California’s 5th District Court of Appeals issued a tentative ruling yesterday in favor of California’s Low-Carbon Fuel Standard (LCFS) moving forward. The case is POET, LLC v. California Air Resources Board (CARB) and POET, a South Dakota ethanol producer, had alleged that CARB violated the California Environmental Quality Act in adopting the LCFS and should be barred from further implementation.

Recognizing the grave implications of discontinuing the LCFS, including derailing the state’s progress to cut greenhouse gas pollution and produce innovative alternative fuels, EDF took part in an amicus, or “friend of the court,” letter brief in support of CARB that was submitted to the Court.

In their tentative ruling, and at oral arguments in Fresno on May 30th, the court stated that CARB would have to remedy certain procedural issues, but that the LCFS should be able to move forward. While Plaintiffs technically won, this ruling means they were thwarted in their underlying objective of slowing momentum towards a lower carbon and more sustainable transportation fuel system.

This case also showed that the LCFS continues to have wide and broadening support. Organizations as diverse as PG&E, the Sierra Club, EDF, and the National Biodiesel Board have all submitted amicus letters to the court affirming that the LCFS is an important tool for spurring innovation and improving human health and the environment.

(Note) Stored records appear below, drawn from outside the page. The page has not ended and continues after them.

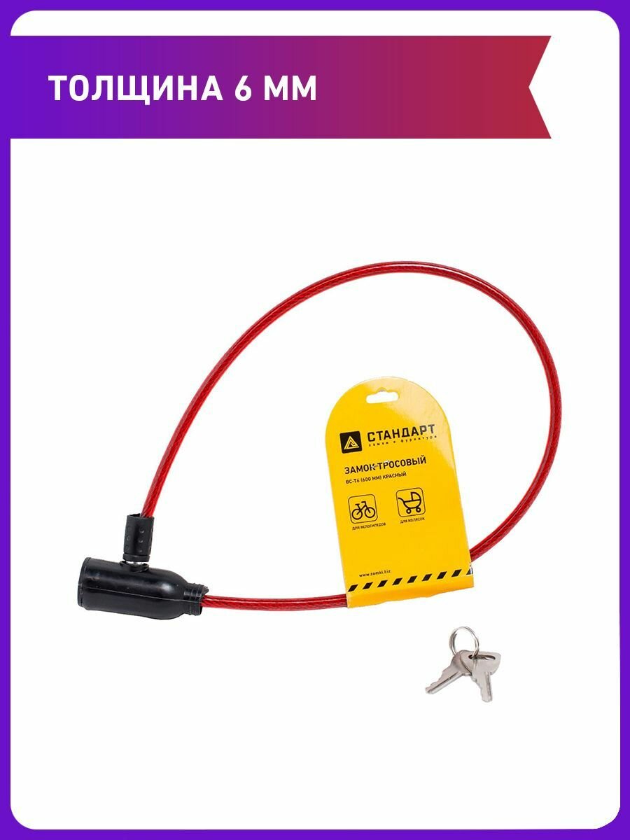 Купить Замок велосипедный тросовый стандарт ВС-Т6 (600 мм) красный
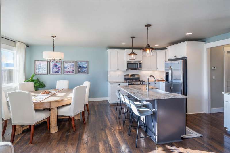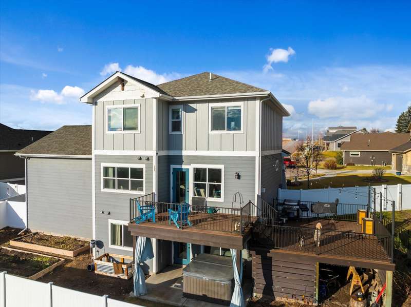 A seamless blend of modern craftsman style and a sought after location come together for this perfect blend of cozy and spacious in this generous 5 bedroom- 4 bath home. This wonderful home features three floors of well laid out living space. The main floor boasts a lovely, light and airy kitchen with granite countertops that flows naturally into the dining area and living room with appreciable size windows and and inviting gas fireplace. The second level is home to the primary suite, two bedrooms and two full baths. Head downstairs and you'll enter the comfy family/TV room with full walk out to a patio area with a hot tub, along with two more bedrooms and a full bath. One of the really great features of this home is the arranging, planning and creating of the exterior space. Multi level decks can be accessed from the lower level and the main level. The yard is fenced for privacy on an oversized lot in a quiet neighborhood.
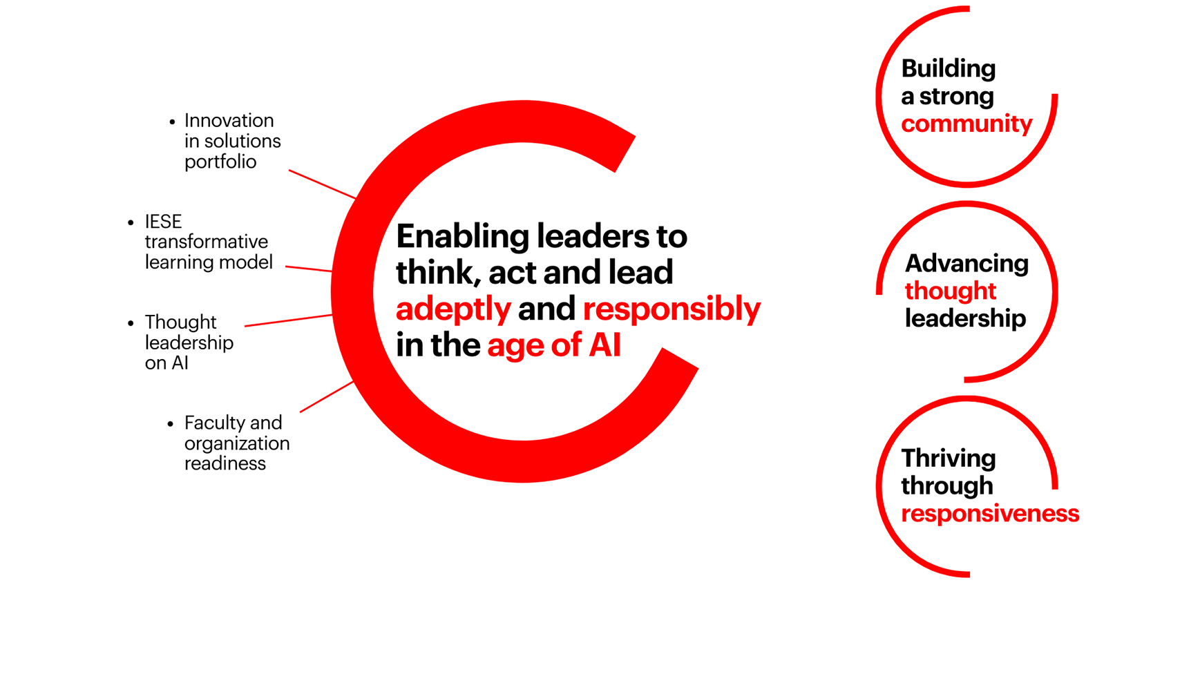 The world is evolving at an unprecedented speed. This moment calls for greater clarity of purpose in how leaders are developed. IESE is well positioned to become the top business school for enabling leaders to think, act and lead adeptly and responsibly in the age of AI.
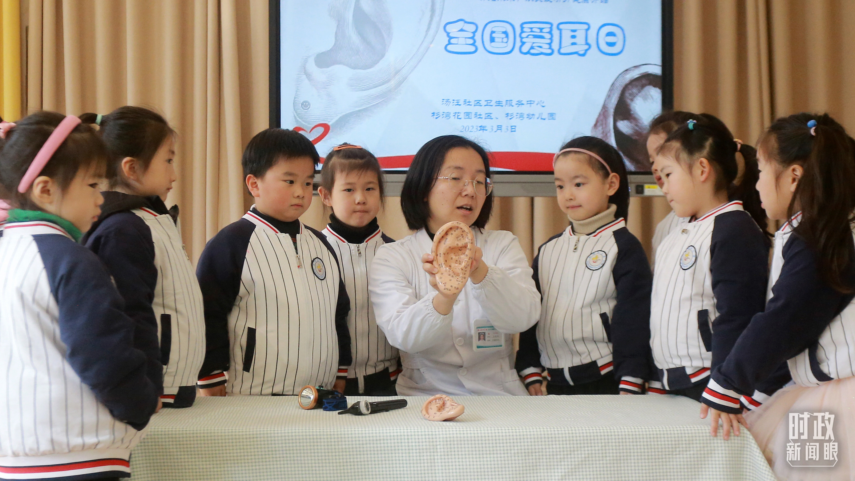 △2023年3月3日,全國愛耳日當(dāng)天,江蘇揚(yáng)州一位社區(qū)醫(yī)生正在為小朋友們講解護(hù)耳知識。(圖/視覺中國)

As we have written about here, here and here, there is still another case pending in the 9th Circuit Federal Court of Appeals that challenges the LCFS under the US Constitution. But the future looks bright as once again; state environmental policies have successfully weathered a challenge by out-of-state challengers who would rather litigate than innovate. Hopefully now that delays are off the table, POET and similar companies will become part of the solution by moving their profits and human talent away from litigation and towards technological advancements that scale up production of low-carbon fuels, cutting climate pollution, reducing smog, and growing their business.